** WORK REQUEST **
Of the entries below, restate word for word only the section that runs from the line with "Aurora-Gallery.sy هو نظام" to the line with "и стропами обвязки.", counting both ends.

DATA SUPPLIED below:

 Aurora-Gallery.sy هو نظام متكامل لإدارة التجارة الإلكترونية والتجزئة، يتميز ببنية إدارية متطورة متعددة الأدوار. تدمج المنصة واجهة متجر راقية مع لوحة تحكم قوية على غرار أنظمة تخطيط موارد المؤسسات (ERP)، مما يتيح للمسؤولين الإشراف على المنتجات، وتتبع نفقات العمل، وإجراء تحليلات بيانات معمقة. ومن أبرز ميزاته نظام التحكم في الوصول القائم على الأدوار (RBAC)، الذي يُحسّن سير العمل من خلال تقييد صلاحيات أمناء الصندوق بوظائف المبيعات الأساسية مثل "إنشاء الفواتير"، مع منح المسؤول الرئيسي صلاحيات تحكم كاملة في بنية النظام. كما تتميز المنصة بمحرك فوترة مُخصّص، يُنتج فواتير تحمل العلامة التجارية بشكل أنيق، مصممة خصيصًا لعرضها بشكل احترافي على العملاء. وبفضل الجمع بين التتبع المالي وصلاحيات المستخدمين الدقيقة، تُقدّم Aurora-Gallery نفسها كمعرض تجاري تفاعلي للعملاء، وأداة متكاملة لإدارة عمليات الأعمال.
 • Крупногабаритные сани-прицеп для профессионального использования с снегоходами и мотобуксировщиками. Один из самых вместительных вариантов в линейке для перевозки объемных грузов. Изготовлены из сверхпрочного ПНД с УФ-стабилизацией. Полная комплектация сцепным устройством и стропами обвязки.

End of DATA SUPPLIED.
DATA SUPPLIED below:

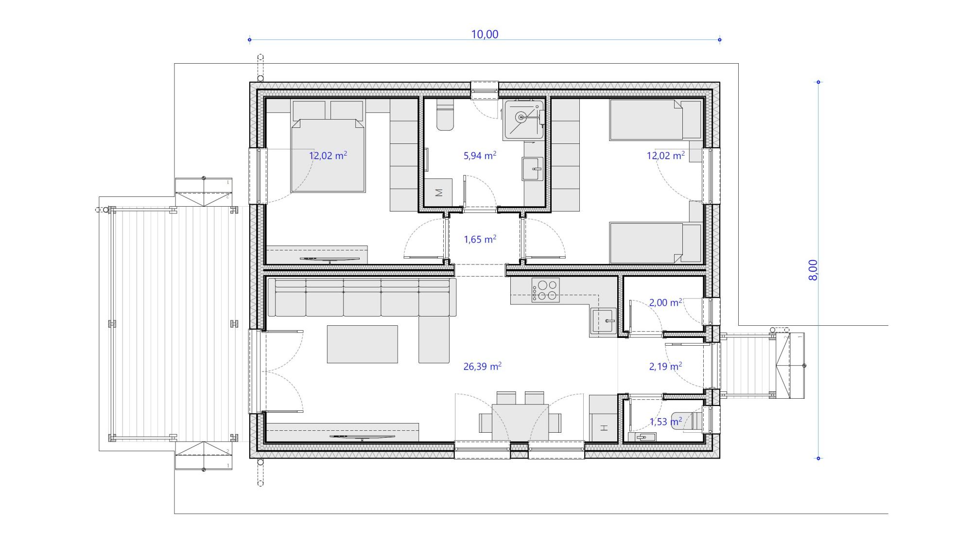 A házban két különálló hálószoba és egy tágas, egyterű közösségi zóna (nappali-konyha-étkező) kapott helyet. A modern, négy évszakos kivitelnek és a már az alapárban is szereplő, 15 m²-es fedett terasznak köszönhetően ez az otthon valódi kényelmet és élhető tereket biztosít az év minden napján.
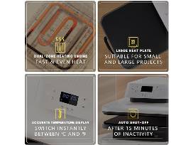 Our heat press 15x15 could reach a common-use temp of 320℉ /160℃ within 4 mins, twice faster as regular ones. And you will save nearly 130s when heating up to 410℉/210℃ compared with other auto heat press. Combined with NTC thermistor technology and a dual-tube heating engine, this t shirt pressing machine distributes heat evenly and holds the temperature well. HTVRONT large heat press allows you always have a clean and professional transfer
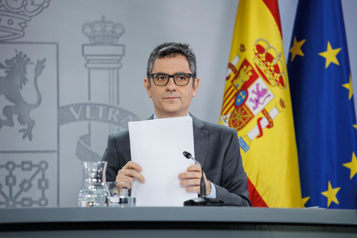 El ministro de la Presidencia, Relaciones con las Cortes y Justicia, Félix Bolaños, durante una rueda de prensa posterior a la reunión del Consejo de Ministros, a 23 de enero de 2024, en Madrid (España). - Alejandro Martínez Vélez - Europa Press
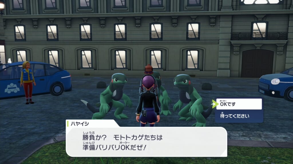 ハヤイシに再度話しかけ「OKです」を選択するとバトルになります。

End of DATA SUPPLIED.
DATA SUPPLIED below:

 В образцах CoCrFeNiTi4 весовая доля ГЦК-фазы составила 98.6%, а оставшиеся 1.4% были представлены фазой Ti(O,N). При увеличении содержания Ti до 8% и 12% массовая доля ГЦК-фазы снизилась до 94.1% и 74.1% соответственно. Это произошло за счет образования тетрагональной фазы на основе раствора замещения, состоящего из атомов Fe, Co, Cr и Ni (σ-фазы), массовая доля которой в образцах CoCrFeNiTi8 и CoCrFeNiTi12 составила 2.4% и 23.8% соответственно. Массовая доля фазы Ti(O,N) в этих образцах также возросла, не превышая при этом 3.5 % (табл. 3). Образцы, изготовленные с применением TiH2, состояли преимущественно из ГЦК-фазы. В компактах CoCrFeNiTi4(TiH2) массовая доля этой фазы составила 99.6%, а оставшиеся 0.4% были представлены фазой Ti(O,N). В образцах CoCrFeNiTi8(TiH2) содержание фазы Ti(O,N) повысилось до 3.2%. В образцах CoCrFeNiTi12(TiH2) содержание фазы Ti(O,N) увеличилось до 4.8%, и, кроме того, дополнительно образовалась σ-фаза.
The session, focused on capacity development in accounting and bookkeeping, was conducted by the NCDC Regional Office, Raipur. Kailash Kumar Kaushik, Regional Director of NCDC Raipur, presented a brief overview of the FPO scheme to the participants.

End of DATA SUPPLIED.

** TASK RESULT **
 Aurora-Gallery.sy هو نظام متكامل لإدارة التجارة الإلكترونية والتجزئة، يتميز ببنية إدارية متطورة متعددة الأدوار. تدمج المنصة واجهة متجر راقية مع لوحة تحكم قوية على غرار أنظمة تخطيط موارد المؤسسات (ERP)، مما يتيح للمسؤولين الإشراف على المنتجات، وتتبع نفقات العمل، وإجراء تحليلات بيانات معمقة. ومن أبرز ميزاته نظام التحكم في الوصول القائم على الأدوار (RBAC)، الذي يُحسّن سير العمل من خلال تقييد صلاحيات أمناء الصندوق بوظائف المبيعات الأساسية مثل "إنشاء الفواتير"، مع منح المسؤول الرئيسي صلاحيات تحكم كاملة في بنية النظام. كما تتميز المنصة بمحرك فوترة مُخصّص، يُنتج فواتير تحمل العلامة التجارية بشكل أنيق، مصممة خصيصًا لعرضها بشكل احترافي على العملاء. وبفضل الجمع بين التتبع المالي وصلاحيات المستخدمين الدقيقة، تُقدّم Aurora-Gallery نفسها كمعرض تجاري تفاعلي للعملاء، وأداة متكاملة لإدارة عمليات الأعمال.
 • Крупногабаритные сани-прицеп для профессионального использования с снегоходами и мотобуксировщиками. Один из самых вместительных вариантов в линейке для перевозки объемных грузов. Изготовлены из сверхпрочного ПНД с УФ-стабилизацией. Полная комплектация сцепным устройством и стропами обвязки.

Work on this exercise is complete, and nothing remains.